Before menopause the chance of developing a heart disease increases

Jul 2, 2008 08:36 GMT  ·  By

A new study carried out by researchers at the New York Presbyterian Hospital/Weill Cornell Medial Center reveals that women don't respond as well as males do to drug treatment, such as losartan and atenolol, against cardiovascular diseases although the two drugs are successful in reducing the blood pressure in all patients regardless of gender. Losartan and atenolol are generally used to treat left-ventricular hypertrophy, which is manifested through an increase in the mass of the left ventricle of the heart, leading to future heart diseases.

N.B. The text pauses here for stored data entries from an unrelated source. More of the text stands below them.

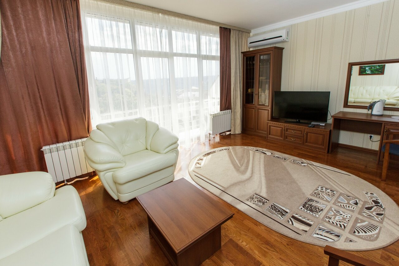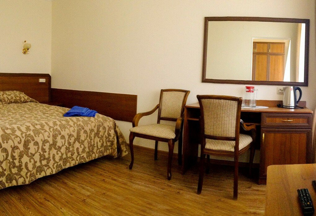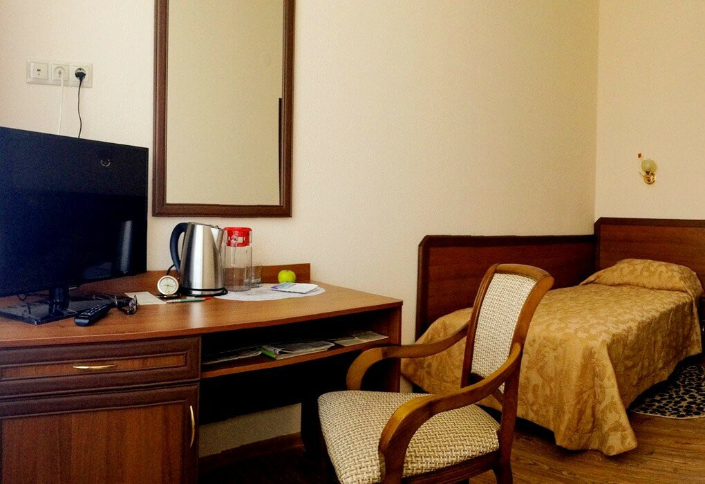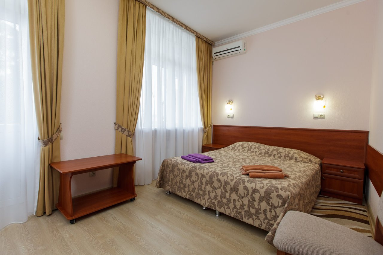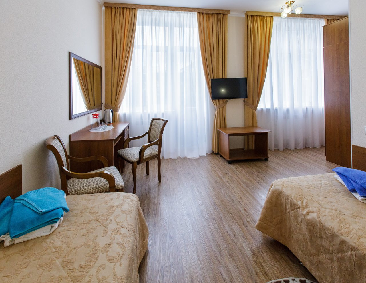 Санаторий представлен двумя спальными корпусами и лечебным корпусом. Номера одно-, двухместные, со всеми удобствами, оснащенные телевизорами, холодильниками, сплит-системами, индивидуальными сейфами.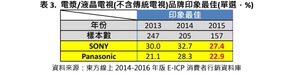 好感度若只能擇一(如表3):Panasonic退居到第二, 顯示儘管Panasonic於2015年印象較佳排名成長到第一,但仍未撼動到受訪者心中電視最佳選擇的品牌,仍距第一名SONY近5個百分比。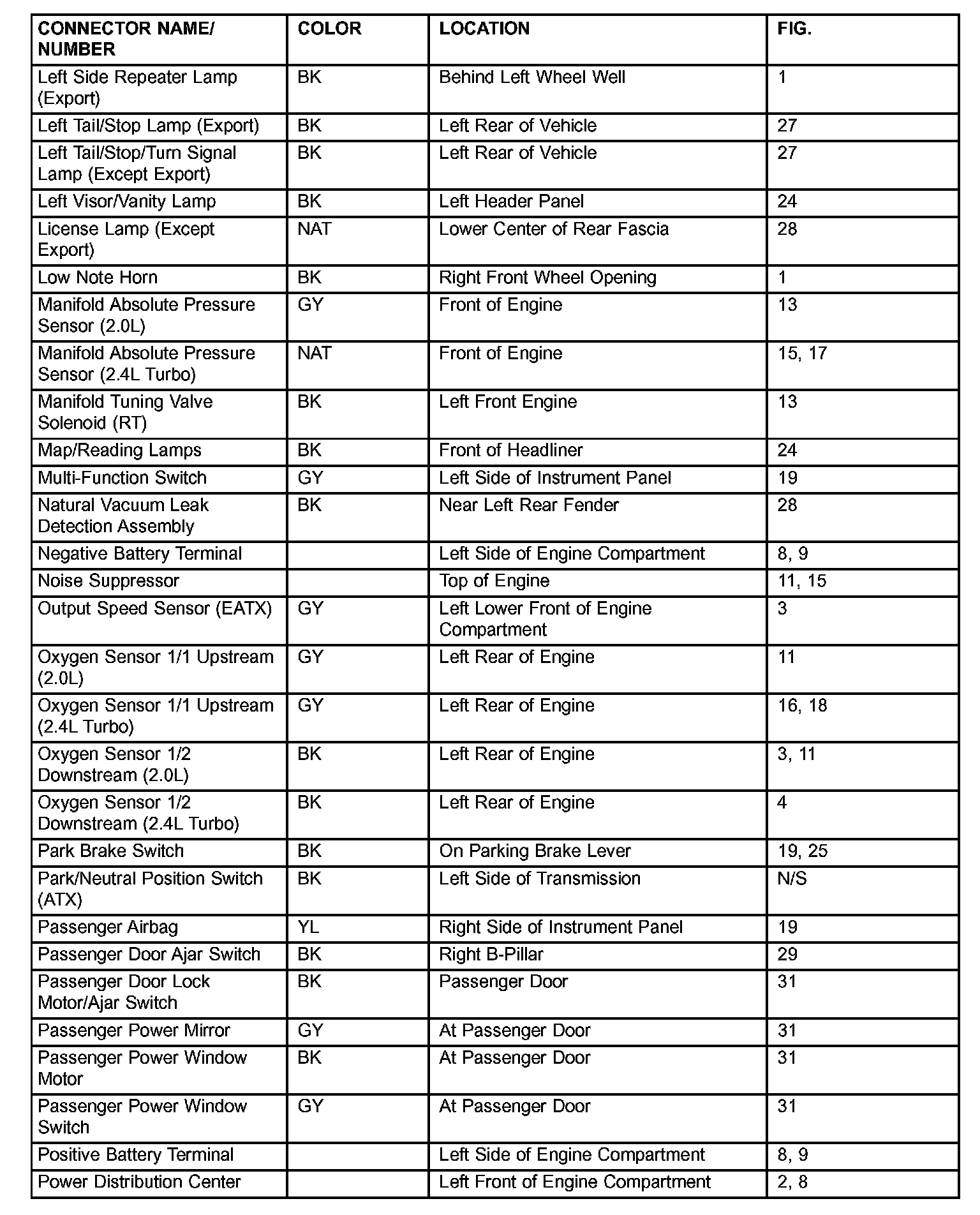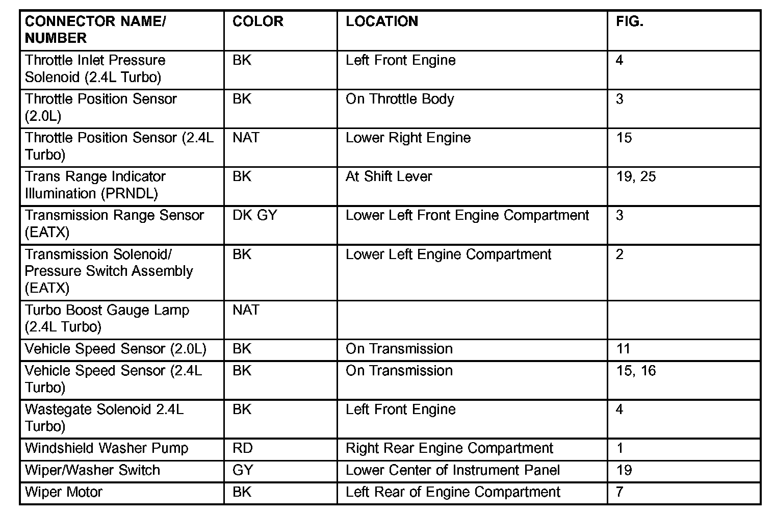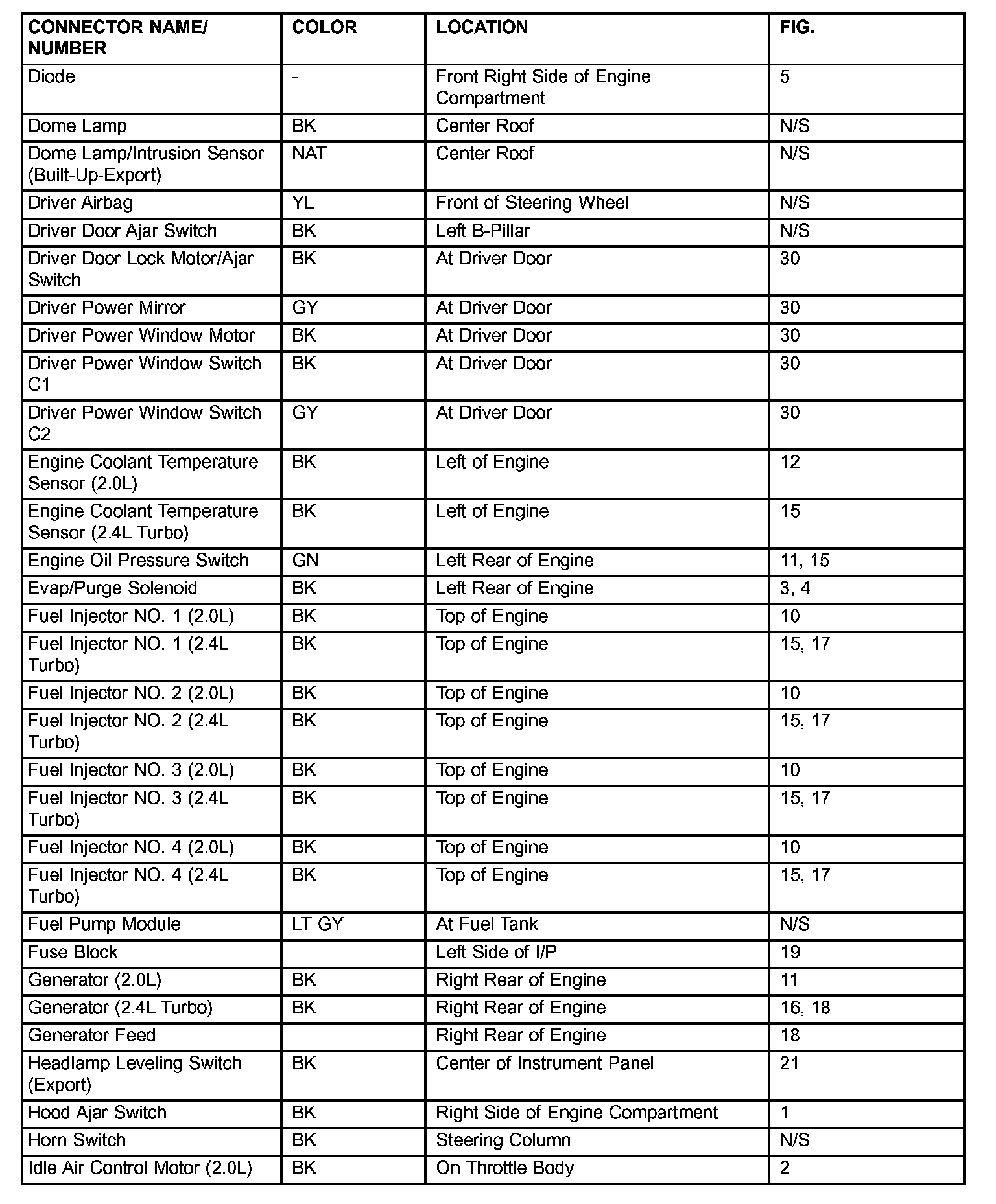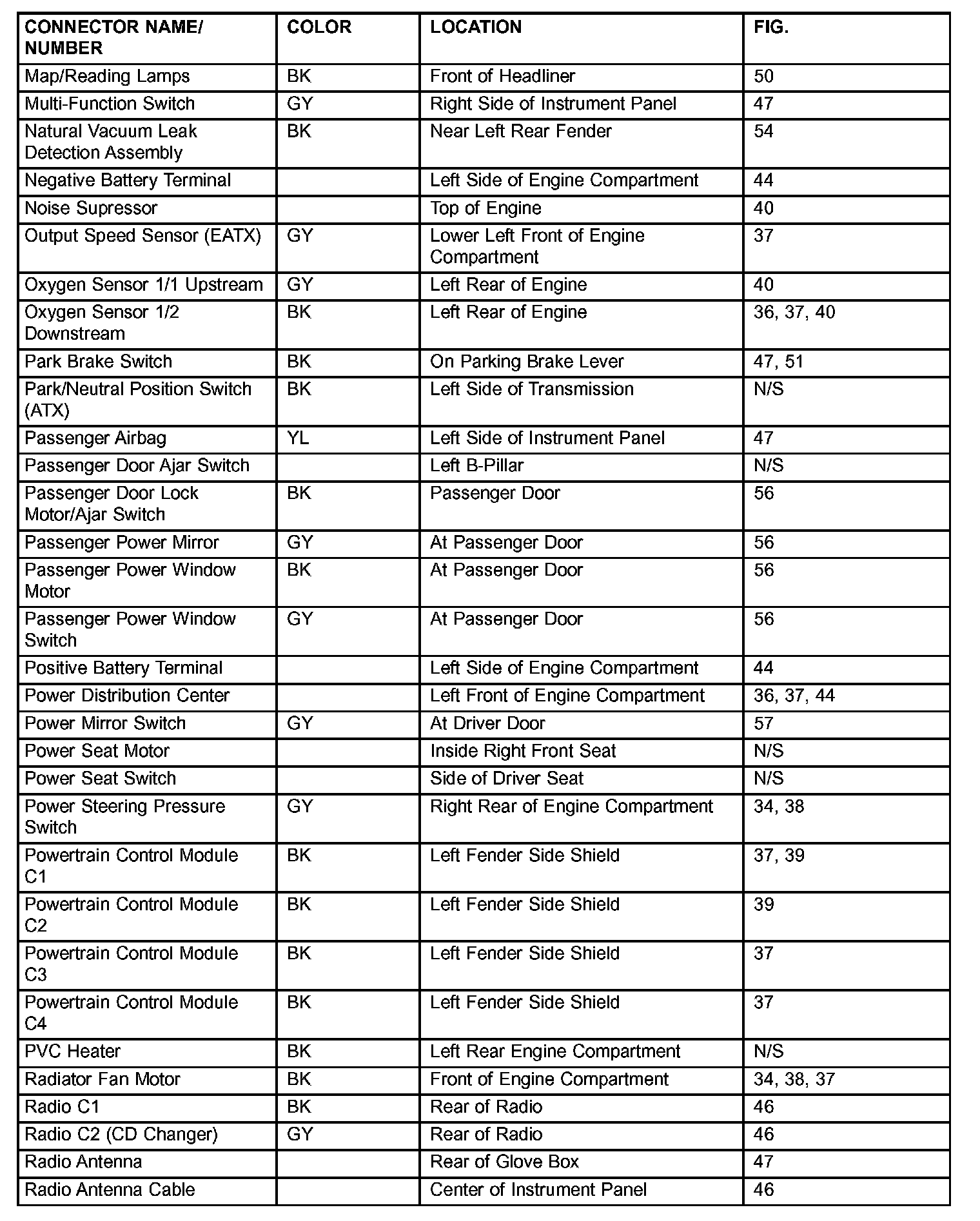 If a link on the index chart to a figure is not provided, that means that the connector and/or figure in question does NOT apply to the vehicle model selected.

Currently, heart disease is the main cause of death in Western countries regardless of gender, albeit the study shows that before menopause women have a much greater chance of developing a heart disease than men, thus increasing the risk later in life.

"Women have a greater chance of dying of their first heart attack and from stroke, and they tend to have more cardiovascular problems later in life compared with men. Certain tell-tale indicators of high-blood pressure, like LVH regression, clearly show that men and women do not respond the same to hypertension drugs," says lead author of the study Dr. Peter M. Okin, cardiologist at New York Presbyterian/Weill Cornell Center and professor of medicine in the Greenberg Division of Cardiology at Weill Cornell Medical College.

The study monitored the evolution of the conditions of women and men with left ventricular hypertension treated either with losartan or atenolol over a period of five years and concluded that all the subjects achieved a reduction in blood pressure regardless of sex, although men showed a higher degree in the decrease in LVH than women.

"LVH is a very serious condition. When the heart's muscle is thicker than it should be, the heart has to work harder. But, there may not be signs or symptoms of LVH for many years, or never at all, making screening with electrocardiography essential," says Dr. Okin. The usual symptoms associated with LVH are chest pain, dizziness, irregular heartbeat, shortness of breath and fainting.

Additionally, not only than LVH reduction evolved differently in men, but measurements also show that the condition in women actually worsened over the five year period. Estimations reveal that women are 32 percent less likely to respond favorably to treatment than men and 15 percent less likely to show any progress at all.

"The observed difference in LVH regression, together with the greater prevalence of LVH, might contribute to the explanation of the steeper increase in the risk of CV events with aging in hypertensive women," wrote the authors of the paper.